As we return from the Thanksgiving break, we implore you to consider becoming a paid TidBITS member. In addition to receiving exclusive benefits and saving hundreds on Mac software, your support would help us fund great articles like those in this issue. To start, Adam Engst explains the hidden trick for changing the font in Yosemite’s Messages app, and Josh Centers shows how you can prevent the next version of Twitter in iOS from spying on your apps. Also this week, Michael Cohen looks at PDFpen 2 and its innovative way of enabling upgrade pricing on iOS, Jeff Carlson tells you how to remove the Slo-Mo effect from iPhone videos, Julio Ojeda-Zapata reviews Ergotron’s budget-minded standing desk solutions, and you can enter to win a copy of BeLight Software’s Printworks in DealBITS. Finally, we’ve been listening to the Apple community’s Yosemite complaints, and while we can’t solve every problem, we have rounded up fixes for five common annoyances. Notable software releases this week include Firefox 34.0, Boom 2.0, Airfoil 4.8.11, Downcast 1.1.5, Lightroom 5.7, Carbon Copy Cloner 4.0.3, and PopChar X 7.0.
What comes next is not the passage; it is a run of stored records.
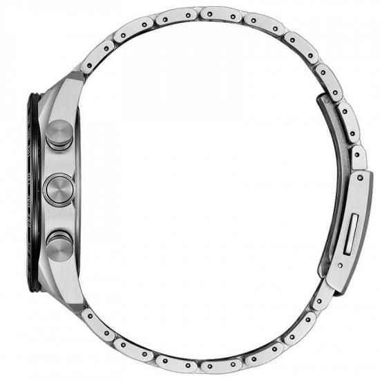 シチズン独自の技術で開発した結晶チタニウムを中駒に採用。デュラテクトプラチナを重ねることで結晶模様がプラチナの輝きをまとい、存在感を放ちます。
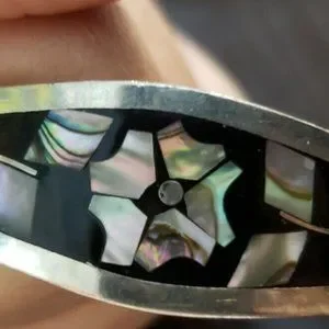 MEXICAN SILVER BRACELETS with INLAID FLOWER MOTIFS OF NATURAL MOTHER OF PEARL
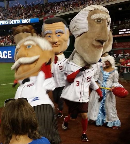 A bearded Martha Washington showed up for the Nats’ presidents race Monday night at Nationals Park and wielded a giant lollipop to knock out her husband’s five foes with one mighty blow.
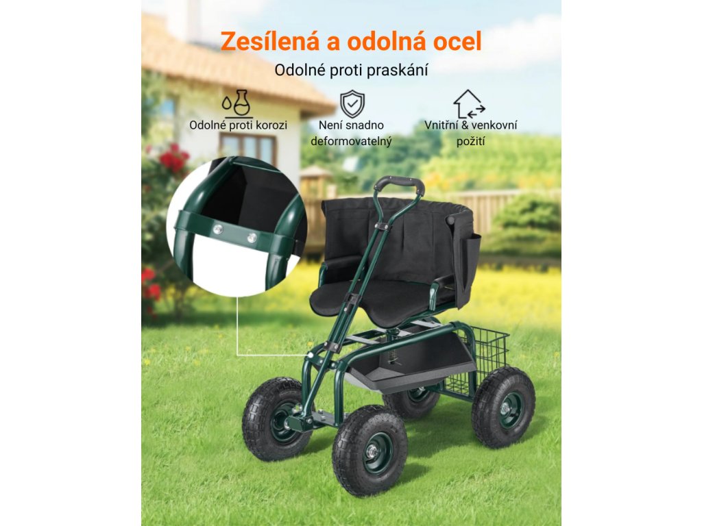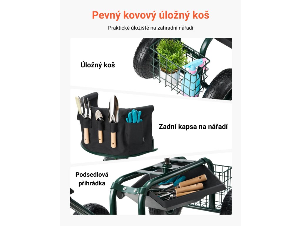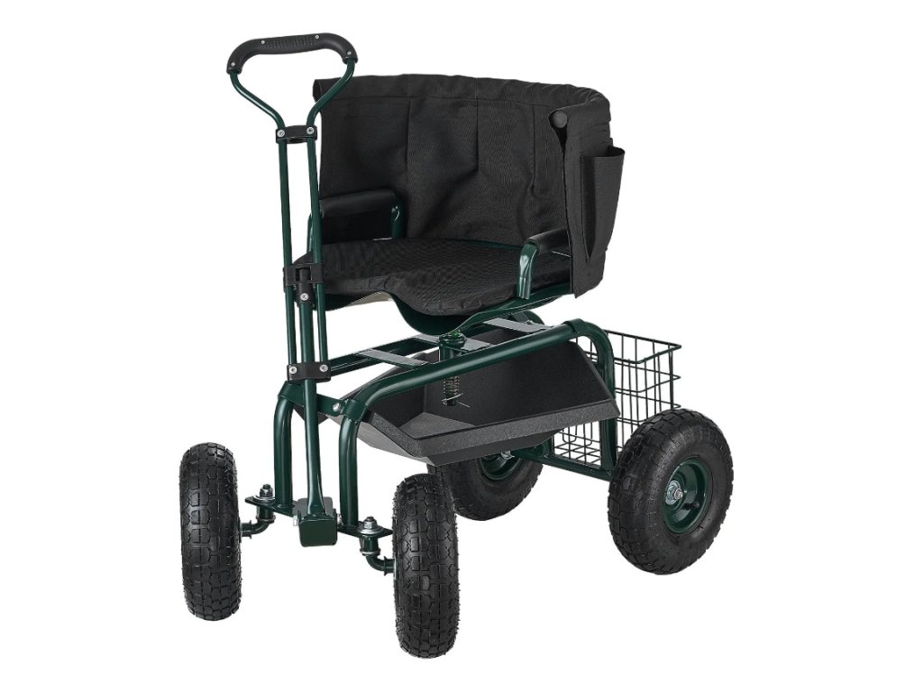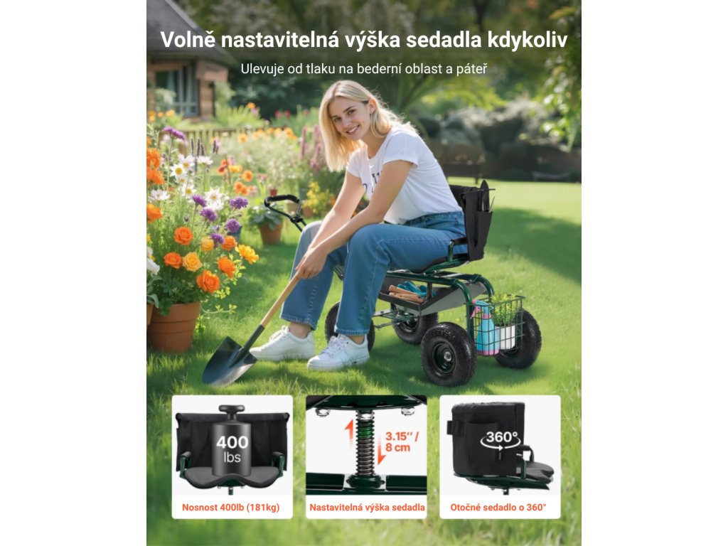 Pojízdný zahradní sedák s 25,4 cm nafukovacími terénními pneumatikami, nastavitelnou rukojetí (58–83,5 cm) a 360° otočným polstrovaným sedadlem pro pohodlnou práci. Odolná konstrukce s nosností až 180 kg doplněná o odnímatelný box na nářadí a drátěný koš udrží vše potřebné po ruce. Vhodný pro zahradu, dílnu i venkovní pracovní plochy.
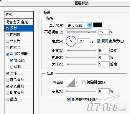 13.双击图层1给它添加图层样式,首先添加投影样式,距离为5像素,扩展0%,大小5像素。如图13所示。
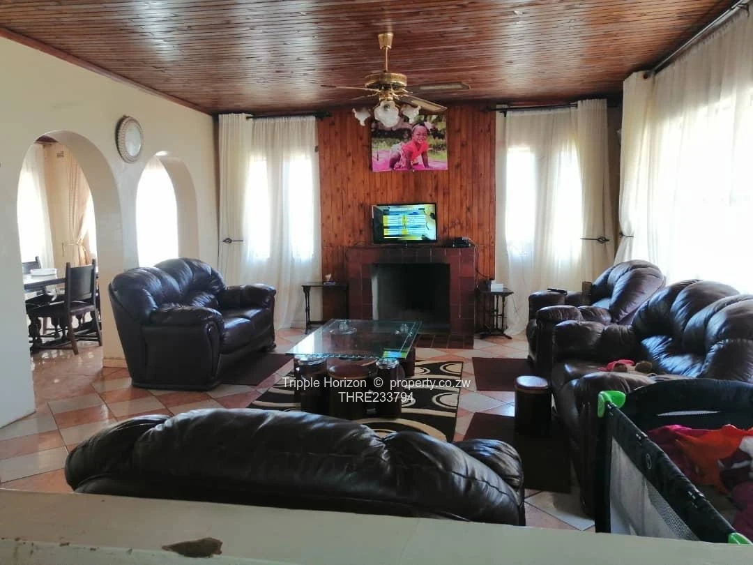 Charming 4-bedroom, 3-bathroom family home on a generous 2,600 m² stand in Norton Knowe, Mashonaland West — ideal for buyers seeking space, comfort and reliable water supply. The single-storey residence (410m²) presents a neat white exterior with a red-tiled roof and sheltered front verandah (photos show the welcoming façade and mature shrubs), perfect for morning coffee or watching kids play on the lawn. Inside, the living spaces are bright and airy with decorative ceilings and archways that add character (see lounge image with ceiling fan and large windows).
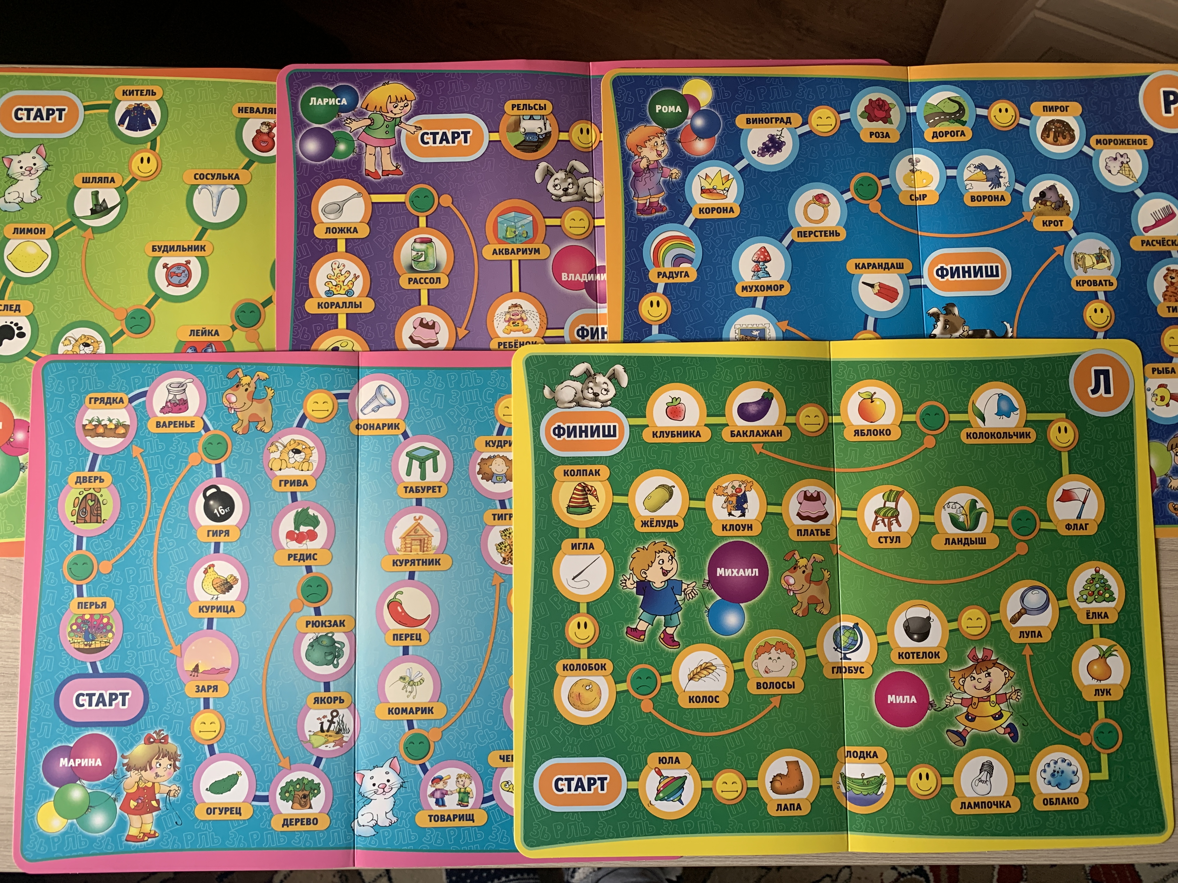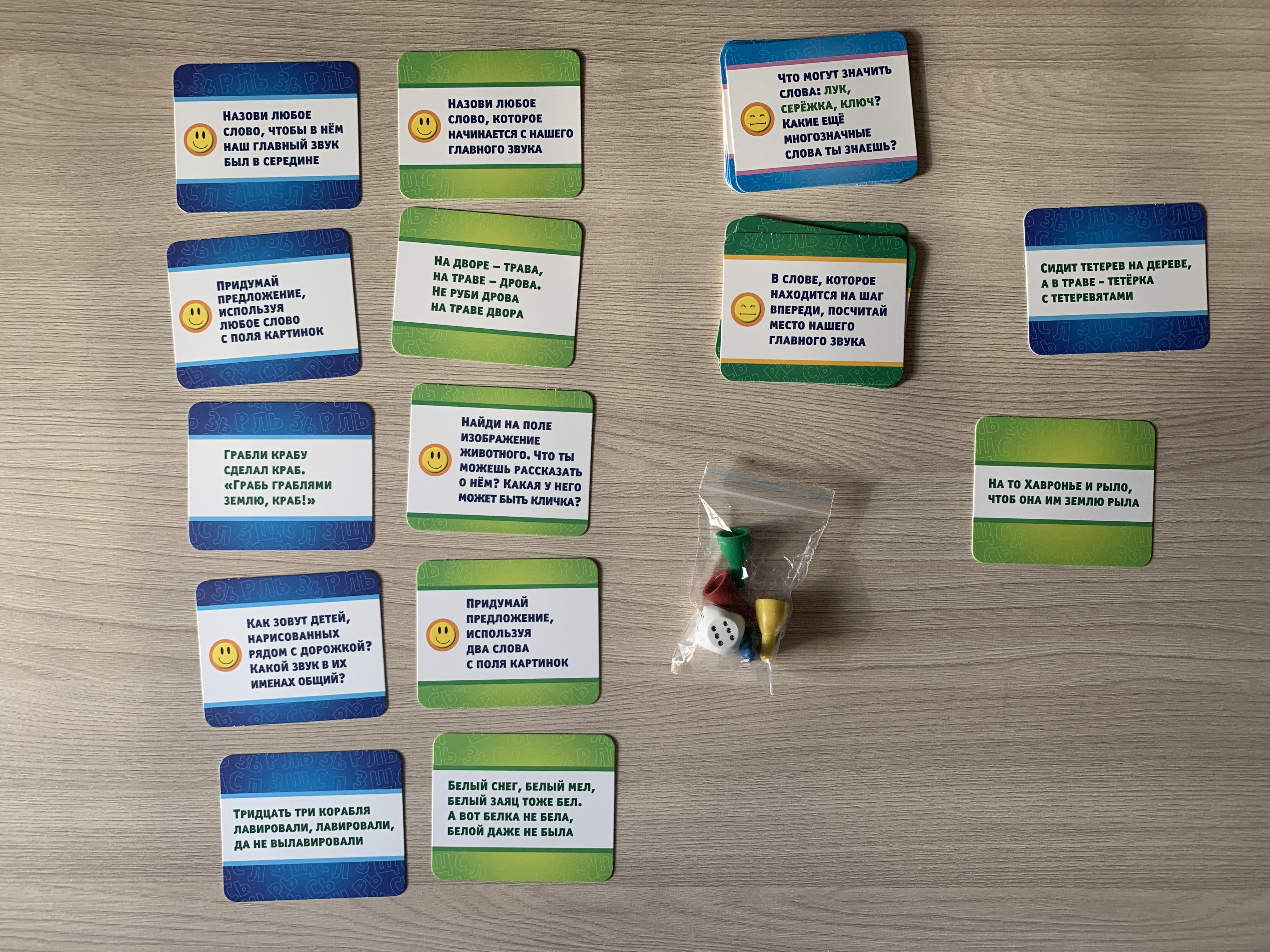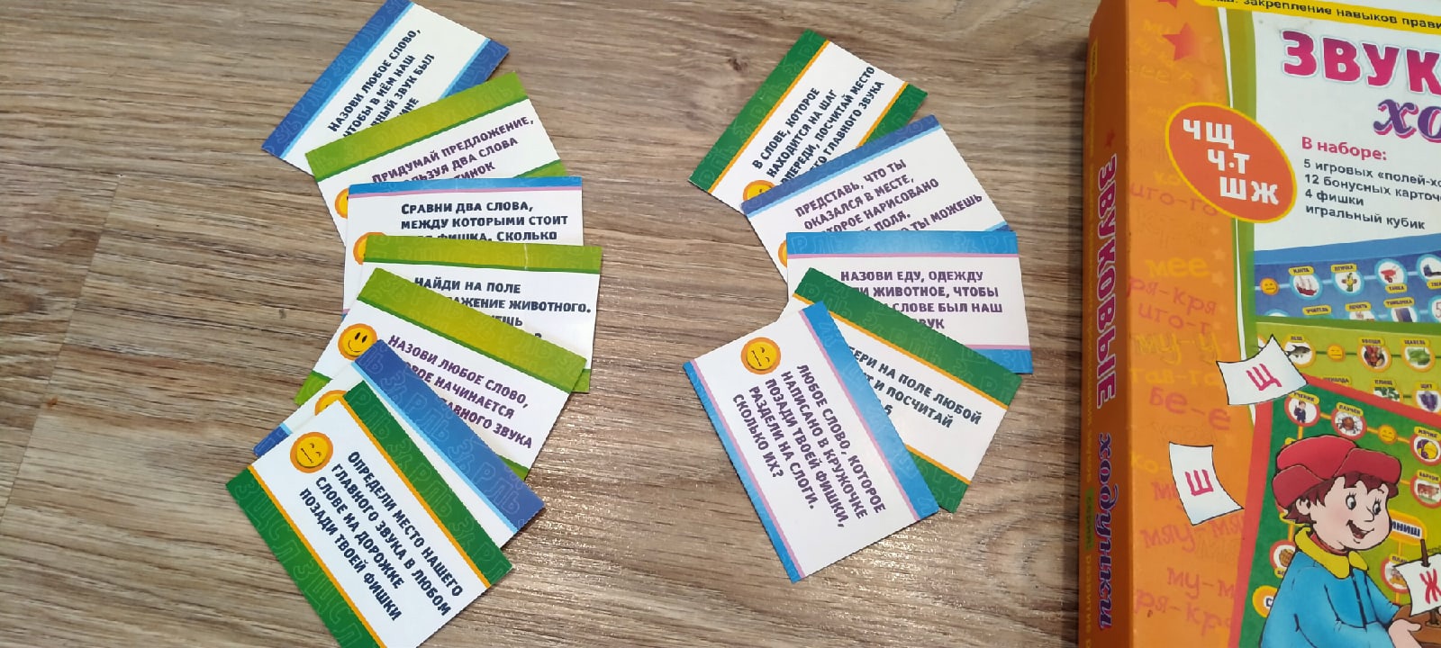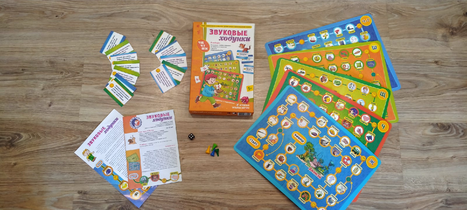 В набор «Звуковые ходунки Р,Рь, Л,Ль» входит: игровые поля разного цвета размером 34 х 25 см (5 шт/); бонусные карточки с заданиями(12 шт/); игровой кубик; пластиковые фишки (4 шт/) разного цвета (красная, синяя, жёлтая, зелёная); подробные правила игры. Темой становятся звуки «Р», «Рь», «Л», «Ль» и их правильное произношение. Участвовать могут от одного до четырёх игроков.

It’s Thanksgiving week here in the United States, so we won’t be publishing an email issue on 1 December 2014, but new articles will keep appearing on our Web site. Apple has provided developers the tools they need to build Apple Watch apps, but those apps will be rather limited at first. Michael Cohen looks at why and what we can expect. Did you know that Yosemite has a new batch-renaming feature? Josh Centers explains how it works, and also shares the latest in the NSA spy scandal in a new installment of Keeping Up with the Snoops. In Take Control news, Joe Kissell’s updated “Take Control of iCloud” now covers iCloud Drive, iCloud’s confusing photo services, and Family Sharing, among much else, and Charles Edge’s “Take Control of OS X Server” is now available in book form after being streamed to TidBITS members. Finally, in FunBITS, Josh takes a look at the iOS game Overglide, which is played inside a Today View widget, and ponders the future of widgets in iOS 8. Notable software releases this week include DEVONthink/DEVONnote 2.8.2, Mactracker 7.4.1, Evernote 6.0, SpamSieve 2.9.18, and Mailplane 3.3.3.
Apple has updated OS X 10.10 Yosemite, iOS 8, and Apple TV in one fell swoop — Josh Centers has a detailed list of what changed. In other Apple news, the company is offering a new Apple Rewards Visa card, along with a long-awaited tool that enables iPhone switchers to decouple their phone numbers from iMessage. President Obama delivered a strong message on net neutrality last week, and Geoff Duncan explains what that means for the FCC. Josh also takes a look at the Neato note-taking widget for iOS 8, and Adam Engst explains the thinking behind the significant changes in our new Take Control Crash Course series. Finally, in FunBITS, we cover the Internet Arcade, which lets you play the games of yesteryear for free in your Web browser. Notable software releases this week include Little Snitch 3.5, Firefox 33.1, and LaunchBar 6.1.5.